Business
Fitch Downgrades Sri Lanka to ‘C’
Fitch Ratings – Hong Kong – 13 Apr 2022:
Fitch Ratings has downgraded Sri Lanka’s Long-Term Foreign-Currency Issuer Default Rating (IDR) to ‘C’ from ‘CC’. The issue ratings on foreign-currency bonds issued on international markets have also been downgraded to ‘C’ from ‘CC’. The Long-Term Local-Currency IDR has been affirmed at ‘CCC’ and the Country Ceiling at ‘B-’. A full list of rating actions is at the end of this rating action commentary.

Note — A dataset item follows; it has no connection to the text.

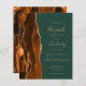 Le bord gauche de cette élégante faire-part de mariage moderne est doté d'une bordure en aquarelle aux teintes d'orange brûlé et de rouille, bordée d'une parties scintillant en faux or. Le texte personnalisable combine écriture manuscrite couleur or, cuivre et polices italiques sur un arrière - plan vert foncé. L'envers est assorti d'un design d'agate orange, rouille et or brûlé.

Fitch typically does not assign modifiers for sovereigns with a rating of ‘CCC’, or below.
KEY RATING DRIVERS
Default-like Process Has Begun:
The downgrade of Sri Lanka’s Long-Term Foreign-Currency IDR reflects Fitch’s view that a sovereign default process has begun. This reflects the announcement by the Ministry of Finance on 12 April 2022 that it has suspended normal debt servicing of several categories of its external debts, including bonds issued in the international capital markets and foreign currency-denominated loan agreements or credit facilities with commercial banks or institutional lenders. We will downgrade the LT FC IDR to ‘RD’ once a payment on an issuance is missed and the grace period has expired.
Local Currency Debt Not Affected:
The statement applies only to the government’s external debt obligations. Fitch understands from the announcement that locally issued government debt, whether in local or foreign currency, is not affected and assumes service on this will continue.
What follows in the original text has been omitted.